The untrusted AF as VFL server sends VFL preparation requests to each of the candidate VFL client(s), using Nnef_VFLTrainingRequest_Request to check if the VFL client(s) can meet the ML Model training requirement (which includes the Analytics ID, list of sample IDs, and optionally Feature ID, etc.). The external NWDAF IDs obtained in the discovery procedure (see clause 6.2H.2.1.1) is included to indicate the target NWDAFs. The suggested VFL Interoperability Information to negotiate the intermediate resuls that will be used in training.
Step 2.
The NEF maps the external NWDAF and GPSI(s) to the internal NWDAF and SUPI(s).
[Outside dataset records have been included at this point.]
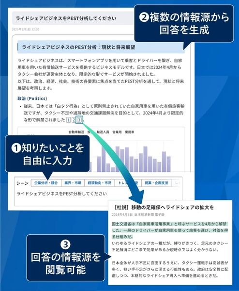 同サービスは、日経をはじめとするメディア記事や経済データを「RAG」の仕組みで参照する生成AIに対して、対話形式で知りたいことを聞くことができる情報サービス。主な利用用途としては、企業・業界調査、トレンド分析、先行事例研究などを想定。コンサルタントやリサーチを担当する企画職といったプロフェッショナル職の情報収集から企画書作成までを支援する。
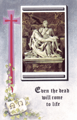 The Holy Sacrifice of the Mass will be offered for the repose of the soul of.........by..........With Sincere Symjpathy from........ (God so loved the world that he gave his only Son, that whoever believes in Him may not die, but may have eternal life. John3:16
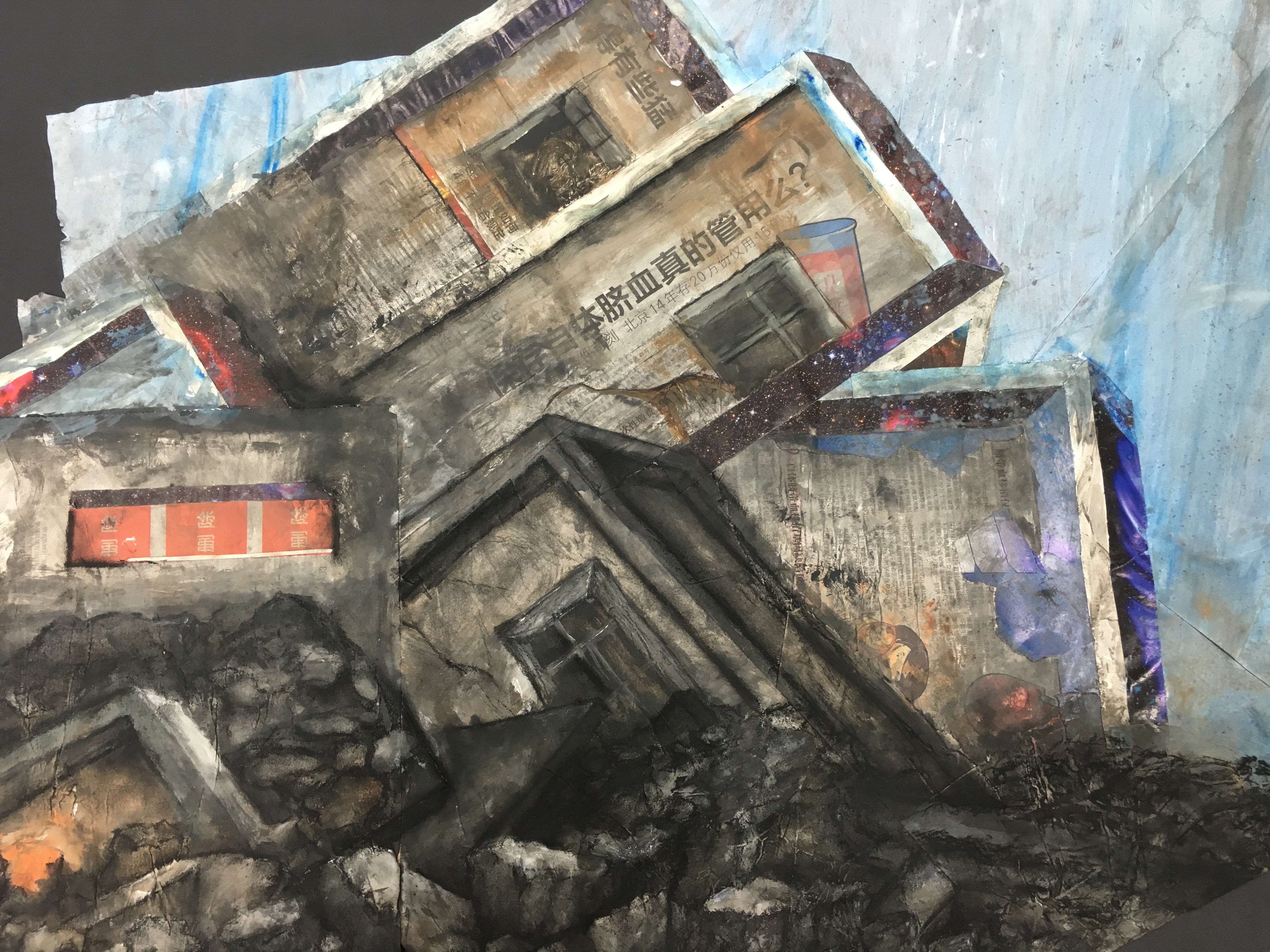 "Broken Things" is a series of acrylic paintings combined with collage to portray broken-down architectural structures.
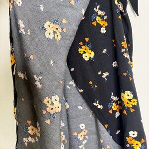 H&M | Black Wrap Skirt with Yellow Floral Pattern - 6
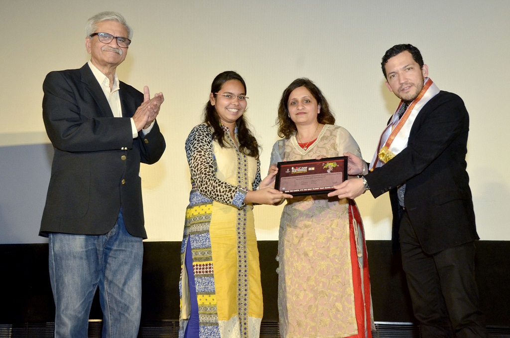 Representative of St. Xavier’s College (2nd from left) receives the Best Volkswagen International Students Animation Competition (India)

The NEF send VFL preparation request to the candidate internal NWDAF ID using Nnwdaf_VFLTraining_Request service with the same information as provided in step 1 in clause 6.2H.2.2.1.
Step 3.
Same as step 2 in clause 6.2H.2.2-1.
Step 4.
Same as step 3 in clause 6.2H.2.2-1.
Step 5.
The NEF maps the internal NWDAF and SUPI(s) to the external NWDAF and GPSI(s). The NEF sends the Nnef_VFLTraining_Request Response to the VFL Server with the same information as provided in step 4.
Step 6.
Same as step 4 in clause 6.2H.2.2-1.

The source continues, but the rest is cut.